Another big moment was when I “stumbled” on the memorial square for all Pilgrims on the Way of St James on my way home yesterday

I asked a French woman named Audrey, sitting on a nearby park bench, to translate it for me. She asked if I was a Believer, and I said “not really”, but explained how this, to me, was a signpost on the road to Santiago de Compostela.
I made my usual flippant comment about doing my midlife crisis properly, and just as I turned around to leave she asked, since I’m having my mid-life crisis, what advice I would give to my younger self.
It caught me off guard, as I didn’t have a prepared answer or flippant response in my arsenal
“I would spend less time on my career”, I said, “and not worry about all the things that doesn’t matter. Be kinder to people”
This morning I thought “…and also remember to be kinder to yourself”
This fourth layer is a very real layer in which I am redefining my spirituality, and my relationship to myself, and God.
I started this post wondering about the best way to document my journey.

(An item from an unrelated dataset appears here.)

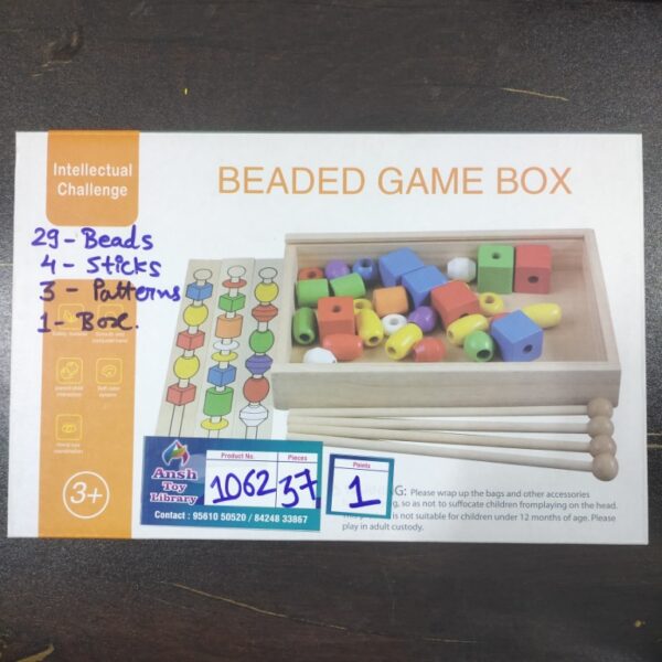 BEADED GAME BOX WOODEN BBQ STICKS AND BEADS AGE: 2 YEARS+ POINTS: 1 https://www.instagram.com/p/CxZVCXPp_ml/?hl=en See also different: DUCK PULL AND PLAY SENSORY TOY No. 1572 CURIOUS CUB LEVEL 6 No. 1112 KNOBBED CYLINDER No. 1007 << return to products

I still do, but somehow it doesn’t matter as much anymore. I just think maybe I shouldn’t even worry about classifying it as a travelogue.
What I have uncovered is that I’m merely walking all the paths referenced in the name of my blog, at once.

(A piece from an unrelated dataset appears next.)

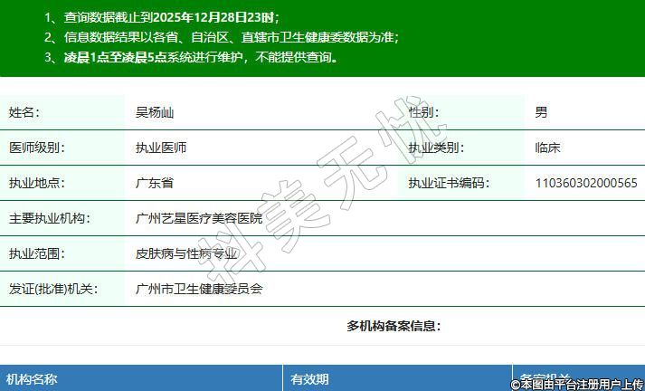 主要執(zhí)業(yè)機構:廣州藝星醫(yī)療美容醫(yī)院

There’s a path clenched up in a fist, driven and and almost violent in its disregard for what is needed to nurture and nourish myself.
There’s a deeply creative self, masked behind projections and performance expectations and the need to produce a result.
There’s a mirrored path, which has shown me my own sorrow.
And there is the promise of an open and sacred heart, on a path that I cannot even begin to understand yet .

Indeed.
My journey has begun.

“Our journey as human beings is not about following a pre-ordained path, but about creating that path. Life rarely makes any more sense when things are done ‘in order’. Life makes sense when we are centered in our hearts and we let go of resisting how our unique journey needs to unfold in its own beautifully unruly way.”